Now imagine living life, not just sans fancy bathroom, but without even an old-fashioned toilet that doesn’t even flush. For both survival and sanitation, water is needed, so the two always have to be considered inseparably together. Very obviously, water and sanitation should be the topmost development priorities for government. It is – but only for Islamabad and the middle-class of all other urban areas. Class attitudes are clearly at work here.
World Toilet Day was proclaimed on 19th November, 12 years ago. But it wasn’t ever observed anywhere in Pakistan, not even by women’s organisations for which it should be among the top priorities.
Why are we talking about an apparently taboo subject? It would seem that physical violence inflicted by men is the only form of violence that women suffer. It isn’t. There’s another kind that is as bad or worse, especially because they have to endure such an ongoing violence on a daily basis. And women and girls suffer the worst of both.
Should toilets be taboo?
So why isn’t it talked about? Because the kind of personal violence involved is a subject most are too embarrassed, if not ashamed, to raise in ‘polite company’ or public debate, especially among politicians and government officials. It’s the silence over the lack of toilets – for more than half the population.
The reticence isn’t simply among officialdom of South Asia and other countries. It took the male-dominated United Nations more than 62 years to proclaim water and sanitation a basic human right. Of the 192 member countries, the resolution passed in 2010 was surprisingly not unanimous. 122 countries voted for it but 41 abstained – which sort of amounted to a negative vote.
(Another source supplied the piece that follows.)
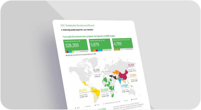 www.se.com Schneider Electric 146 2021 Sustainable Development Report 6 Delivering social impact for a just transition 6.4.9 Impact assessment of training actions In 2019, the Schneider Electric Foundation launched a global initiative to assess the social impact of training actions in the energy sector. With its partner KiMSO, the Group built a guidebook intended to support its local partners in assessing, in a standardized way, the social impact of their training activities. The pilot phase was carried in several centers. The roll-out program was shelved because of the health crisis, leading to the temporary closure of many centers. KiMSO is a social impact assessment consulting firm that helps charities, NGOs, and Foundations to understand, measure and value their impact on key stakeholders. The project covers both social impact assessment and results chain analysis. Social impact consists of the direct or indirect, intended or unintended, effects of an organization’s actions on its stakeholders (i.e., beneficiaries, users, volunteers, partners) and on society in general. Social impact assessment refers to the process of monitoring, analyzing, and managing those social consequences, which can be both positive and negative. This is an evaluative process aiming at answering the following key question: what changes thanks to us? Results chain analysis establishes causal relationships from the resources used to conduct a program to the long-term effects following the end of the program. It sets out a logical and plausible outline of how a sequence of inputs and outputs interacts with individuals’ behavior and conditions to generate outcomes. People trained since 2009 328,359 Entrepreneurs trained since 2009 4,789 Trainers trained since 2009 5,879 0 2000 4000 6000 8000 10000 0 2000 4000 6000 8000 10000 1m 2025 target 10k 2025 target 10k 2025 target Training & Entrepreneurship program key figures and 2025 targets Breakdown of people trained by geography since 2009 Africa Americas China Asia & Indonesia (excl. China, India) India Middle East 48,653 people trained in 2021: 1,761 22,639 people trained in 2021: 6,961 147, 2 8 1 people trained in 2021: 14,861 75,701 people trained in 2021: 17,271 2 7, 8 6 5 people trained in 2021: 5,681 6,220 people trained in 2021: 87

The shocking fact is that those that abstained were mainly industrialised countries, including the USA, Britain, Australia, Austria, Canada, Greece, Sweden, Japan, Israel, South Korea, Luxembourg, the Netherlands, Denmark, and Ireland. Did they know that during the Iraq war, some American women soldiers fell seriously ill and died as a consequence of avoiding going to the toilets at night, for fear of attack by the male soldiers? The same kind of fear that grips our women and girls forced to go out to the fields at night.
In other words, toilets not only have to be hygienic, they have to be safely located too – within or in immediate proximity of the house. It makes one pause and wonder what governments really think about women who have no say in their lives. A few South countries, mainly from Africa, also abstained from voting in allegiance to the industrialised countries.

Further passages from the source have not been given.